由于已经为高效(合并")加载/存储行为组织了内核,因此可以通过以numpy重新排列图像/图层/切片的存储顺序来解决此问题.这是一个可行的示例:
Since your kernel is already organized for efficient ("coalesced") load/store behavior, you could address this by reordering the storage of your images/layers/slices in numpy. Here is a worked example:
$ cat t10.py
from __future__ import print_function
import pycuda.driver as cuda
import pycuda.autoinit
from pycuda.compiler import SourceModule
import numpy
from pycuda.gpuarray import to_gpu
row = 5
column = 10
depth = 10
#--==== Input 3D Array ====---
arrayA = numpy.full((row, column, depth), 0)
my_slice=numpy.int32(3) # choose the layer
#populate each layer with fixed values
for i in range(row):
arrayA[i,:,:] = i + 1
arrayA = arrayA.astype(numpy.int32)
arrayA_gpu = cuda.mem_alloc(arrayA.nbytes)
cuda.memcpy_htod(arrayA_gpu, arrayA)
arrayA_Answer = numpy.empty_like(arrayA)
#--==== Output 2D array container ====---
arrayB = numpy.zeros([column, depth], dtype = numpy.int32)
arrayB_gpu = cuda.mem_alloc(arrayB.nbytes)
cuda.memcpy_htod(arrayB_gpu, arrayB)
arrayB_Answer = numpy.empty_like(arrayB)
mod = SourceModule("""
__global__ void getLayer(int *arrayA, int *arrayB, int slice)
{
int idx = threadIdx.x + (blockIdx.x * blockDim.x); // x coordinate (numpy axis 2)

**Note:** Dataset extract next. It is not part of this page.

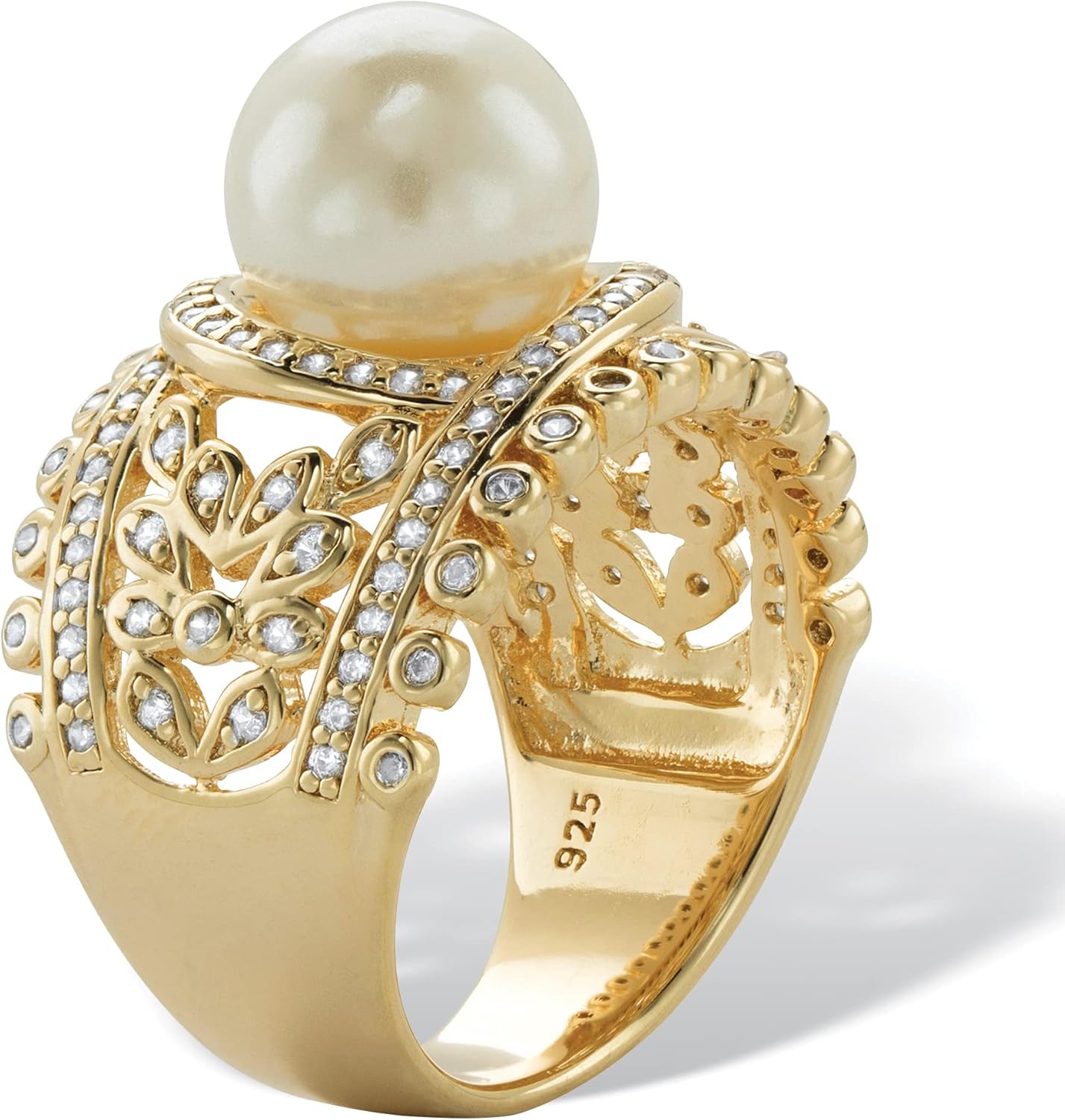 Blooming with subtle style, this impressive cocktail ring draws the eye with a single round pearl, set in a floral web of 14k gold over sterling silver. Glittering cubic zirconia accents create a halo effect around the pearl, and are set inside the flower petals and along the outer edges of the band. .65 carat T.W. Simulated pearl. Sizes 6-10. - 61684

int idy = threadIdx.y + (blockIdx.y * blockDim.y); // y coordinate (numpy axis 1)
int idz = slice; //The "layer"
int x_width = (blockDim.x * gridDim.x);
int y_width = (blockDim.y * gridDim.y);
arrayB[idx + (x_width * idy)] = arrayA[idx + (x_width * idy) + (x_width * y_width) * idz];
}
""")
func = mod.get_function("getLayer")
func(arrayA_gpu, arrayB_gpu, my_slice, block=(depth, column, 1), grid=(1,1))
cuda.memcpy_dtoh(arrayB_Answer,arrayB_gpu)
print(arrayA[my_slice,:,:])
print(arrayB_Answer[:,:])
$ python t10.py
[[4 4 4 4 4 4 4 4 4 4]
[4 4 4 4 4 4 4 4 4 4]
[4 4 4 4 4 4 4 4 4 4]
[4 4 4 4 4 4 4 4 4 4]
[4 4 4 4 4 4 4 4 4 4]
[4 4 4 4 4 4 4 4 4 4]
[4 4 4 4 4 4 4 4 4 4]
[4 4 4 4 4 4 4 4 4 4]
[4 4 4 4 4 4 4 4 4 4]
[4 4 4 4 4 4 4 4 4 4]]
[[4 4 4 4 4 4 4 4 4 4]
[4 4 4 4 4 4 4 4 4 4]
[4 4 4 4 4 4 4 4 4 4]
[4 4 4 4 4 4 4 4 4 4]
[4 4 4 4 4 4 4 4 4 4]
[4 4 4 4 4 4 4 4 4 4]
[4 4 4 4 4 4 4 4 4 4]
[4 4 4 4 4 4 4 4 4 4]
[4 4 4 4 4 4 4 4 4 4]
[4 4 4 4 4 4 4 4 4 4]]
$
请注意,我还将您对 uint16
的使用更改为 int32
,以匹配内核类型 int
.
Note that I have also changed your use of uint16
to int32
, to match the kernel type int
.
这篇关于CUDA-从3D阵列提取图层的文章就介绍到这了,希望我们推荐的答案对大家有所帮助,也希望大家多多支持IT屋!